▸ **Exercise**:
Will you output the entries below exactly, skipping every image they contain?

▸ **Given records**:
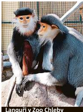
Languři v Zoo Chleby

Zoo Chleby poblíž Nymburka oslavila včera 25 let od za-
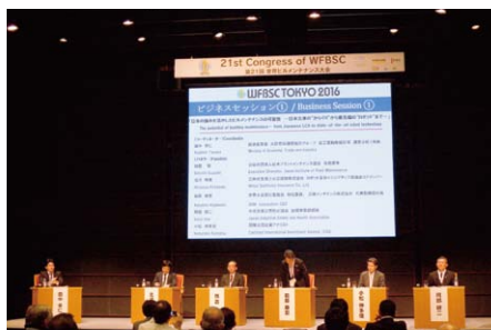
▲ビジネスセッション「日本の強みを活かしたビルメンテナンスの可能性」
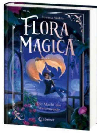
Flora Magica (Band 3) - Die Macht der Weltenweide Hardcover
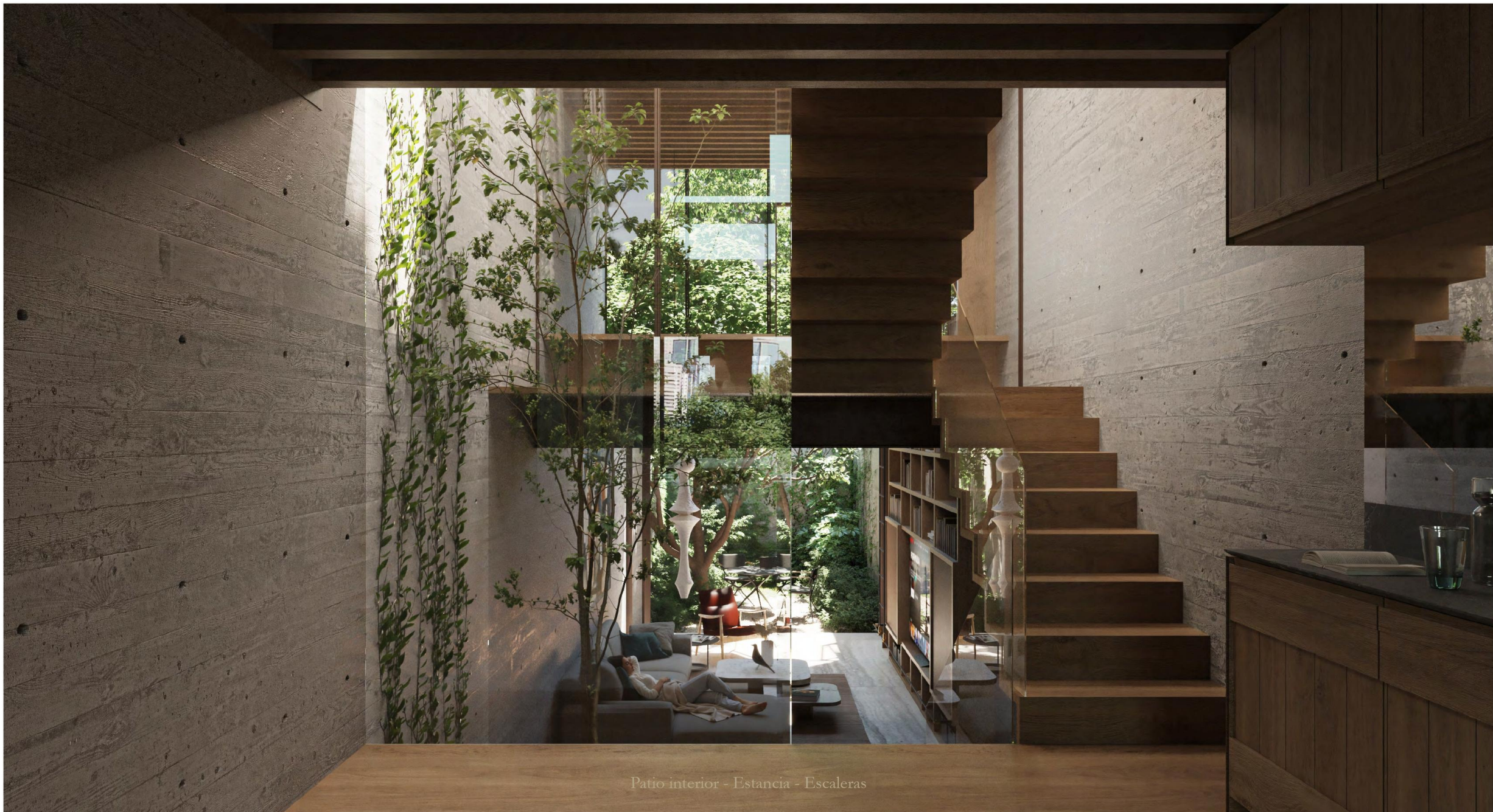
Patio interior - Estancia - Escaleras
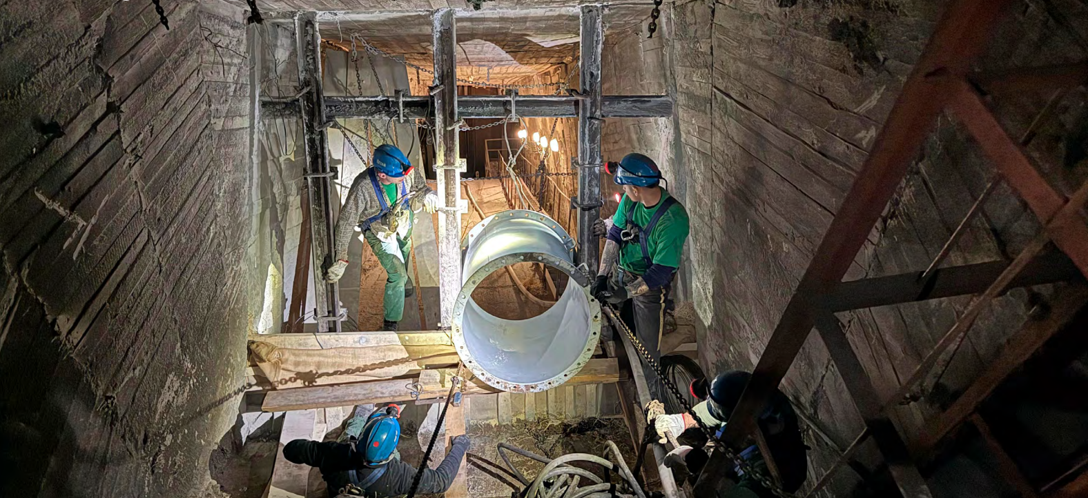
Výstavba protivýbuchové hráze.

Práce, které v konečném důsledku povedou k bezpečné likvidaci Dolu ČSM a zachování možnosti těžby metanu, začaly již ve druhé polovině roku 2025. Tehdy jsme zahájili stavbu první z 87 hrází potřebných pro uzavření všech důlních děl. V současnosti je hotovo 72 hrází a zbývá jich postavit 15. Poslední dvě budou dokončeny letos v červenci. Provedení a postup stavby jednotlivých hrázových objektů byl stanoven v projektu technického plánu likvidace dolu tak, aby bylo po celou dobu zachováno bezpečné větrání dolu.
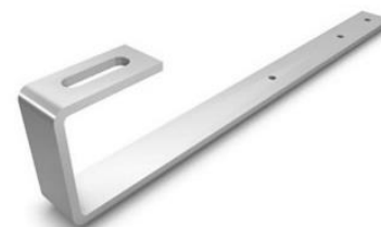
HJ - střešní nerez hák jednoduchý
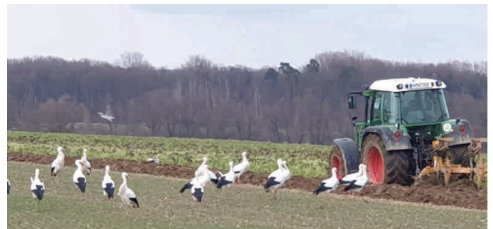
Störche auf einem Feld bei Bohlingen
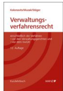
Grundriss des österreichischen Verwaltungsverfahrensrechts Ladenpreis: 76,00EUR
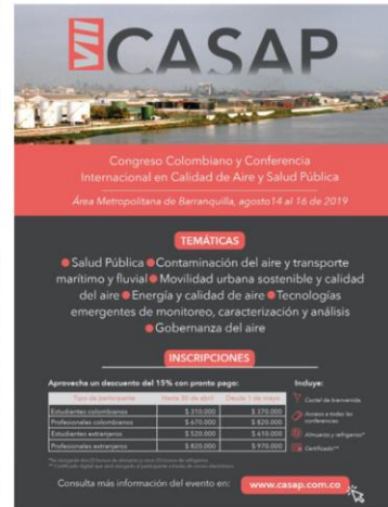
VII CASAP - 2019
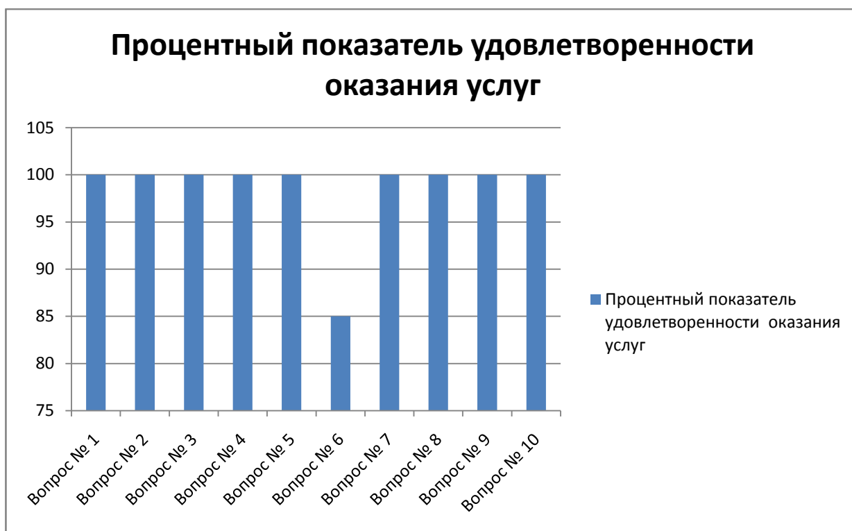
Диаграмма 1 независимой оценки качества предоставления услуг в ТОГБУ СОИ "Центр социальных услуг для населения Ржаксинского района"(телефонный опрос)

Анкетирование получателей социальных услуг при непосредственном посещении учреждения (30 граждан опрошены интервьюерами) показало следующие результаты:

▸ **Problem solution**:
Languři v Zoo Chleby

Zoo Chleby poblíž Nymburka oslavila včera 25 let od za-
▲ビジネスセッション「日本の強みを活かしたビルメンテナンスの可能性」
Flora Magica (Band 3) - Die Macht der Weltenweide Hardcover
Patio interior - Estancia - Escaleras
Výstavba protivýbuchové hráze.

Práce, které v konečném důsledku povedou k bezpečné likvidaci Dolu ČSM a zachování možnosti těžby metanu, začaly již ve druhé polovině roku 2025. Tehdy jsme zahájili stavbu první z 87 hrází potřebných pro uzavření všech důlních děl. V současnosti je hotovo 72 hrází a zbývá jich postavit 15. Poslední dvě budou dokončeny letos v červenci. Provedení a postup stavby jednotlivých hrázových objektů byl stanoven v projektu technického plánu likvidace dolu tak, aby bylo po celou dobu zachováno bezpečné větrání dolu.
HJ - střešní nerez hák jednoduchý
Störche auf einem Feld bei Bohlingen
Grundriss des österreichischen Verwaltungsverfahrensrechts Ladenpreis: 76,00EUR
VII CASAP - 2019
Диаграмма 1 независимой оценки качества предоставления услуг в ТОГБУ СОИ "Центр социальных услуг для населения Ржаксинского района"(телефонный опрос)

Анкетирование получателей социальных услуг при непосредственном посещении учреждения (30 граждан опрошены интервьюерами) показало следующие результаты:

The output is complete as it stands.